Open ahal opened 2 years ago
Hi @ahal,
I ran a profiler (pytest-profiling) on the tests and figured out that the subprocess.check_output()
function is the main contributer to the runtime.
It is called by the Repository.run()
method to run different commands like add
, commit
, reset
, etc. Here is the output of the profiler:
ncalls tottime percall cumtime percall filename:lineno(function)
52 0.001 0.000 22.405 0.431 runner.py:109(pytest_runtest_protocol)
52 0.002 0.000 22.392 0.431 runner.py:117(runtestprotocol)
156 0.001 0.000 22.389 0.144 runner.py:217(call_and_report)
2123/572 0.005 0.000 22.381 0.039 _hooks.py:244(__call__)
2123/572 0.002 0.000 22.379 0.039 _manager.py:77(_hookexec)
2123/572 0.015 0.000 22.378 0.039 _callers.py:9(_multicall)
156 0.001 0.000 22.357 0.143 runner.py:245(call_runtest_hook)
156 0.002 0.000 22.355 0.143 runner.py:316(from_call)
156 0.001 0.000 22.352 0.143 runner.py:260(<lambda>)
321 0.023 0.000 21.337 0.066 subprocess.py:417(check_output)
321 0.030 0.000 21.313 0.066 subprocess.py:506(run)
313 0.004 0.000 20.940 0.067 vcs.py:40(run)
321 0.021 0.000 20.673 0.064 subprocess.py:1163(communicate)
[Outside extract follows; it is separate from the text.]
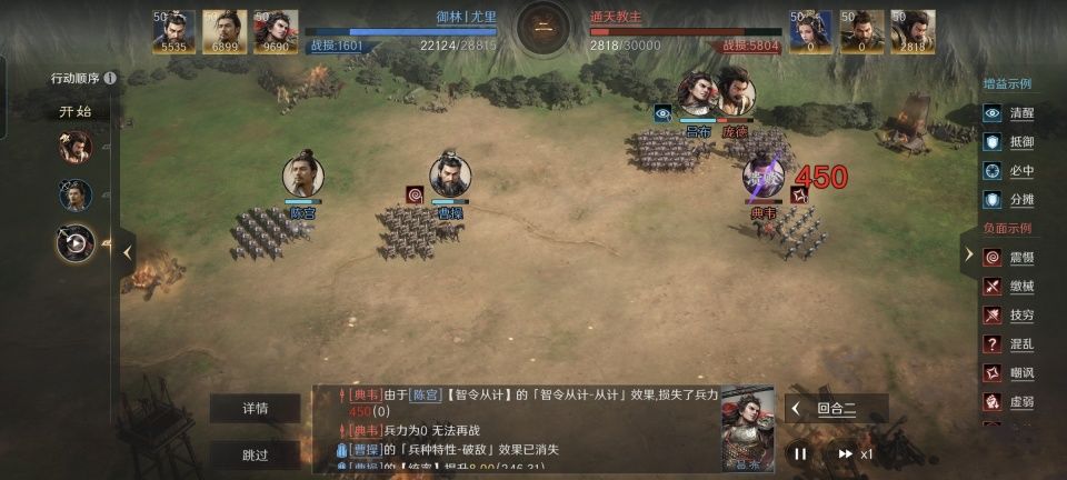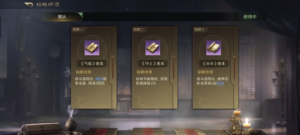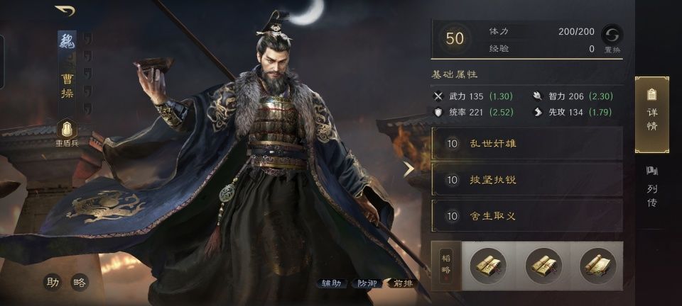 曹操战法:乱世奸雄+披坚执锐+舍生取义。韬略库:气临善本+守土善本+兵令善本。重盾兵特性不屈,专精点亮屹然不动。如此设定的曹操在前排还兼顾了嘲讽、治疗和连击率的提升,披坚执锐精准投放到了他自己和武力最高的吕布身上,吕布还能从他那里获得清醒。

623 19.903 0.032 19.909 0.032 {method 'read' of '_io.TextIOWrapper' objects}
52 0.000 0.000 19.403 0.373 runner.py:158(pytest_runtest_call)
52 0.000 0.000 19.401 0.373 python.py:1787(runtest)
52 0.001 0.000 19.398 0.373 python.py:188(pytest_pyfunc_call)
32 0.001 0.000 4.690 0.147 vcs.py:254(get_changed_files)
2 0.000 0.000 3.414 1.707 test_util_vcs.py:465(test_workdir_outgoing)
52 0.000 0.000 2.870 0.055 runner.py:153(pytest_runtest_setup)
I don't know how to properly optimize it though.
Hi @miladHakimi, sorry I totally missed this mention in my notifications.
I'm not too surprised by this finding, the tests themselves make a lot of calls out to the underlying version control system (hg or git) to funciton. So any calls to the VCS will be captured in the check_output
call. For performance optimizations, we'll want to look into things like parallelization, reducing setup steps or looking into how to speed up the actual vcs (e.g, maybe use chg
or a command server for Mercurial).
Let me know if you're still interested in working on this and we can dive into some more details!
I'm interested in solving this issue. I can start exploring the code and look for areas of improvement including the things you mentioned. Then, write a small proposal of what to do so that we can iterate over it to find something that can be useful.
This test takes awhile, and since we run it across multiple Python versions, is the main reason why the
unit
task takes so long to run. It would be nice to figure out why it's so slow and see if we can speed it up at all.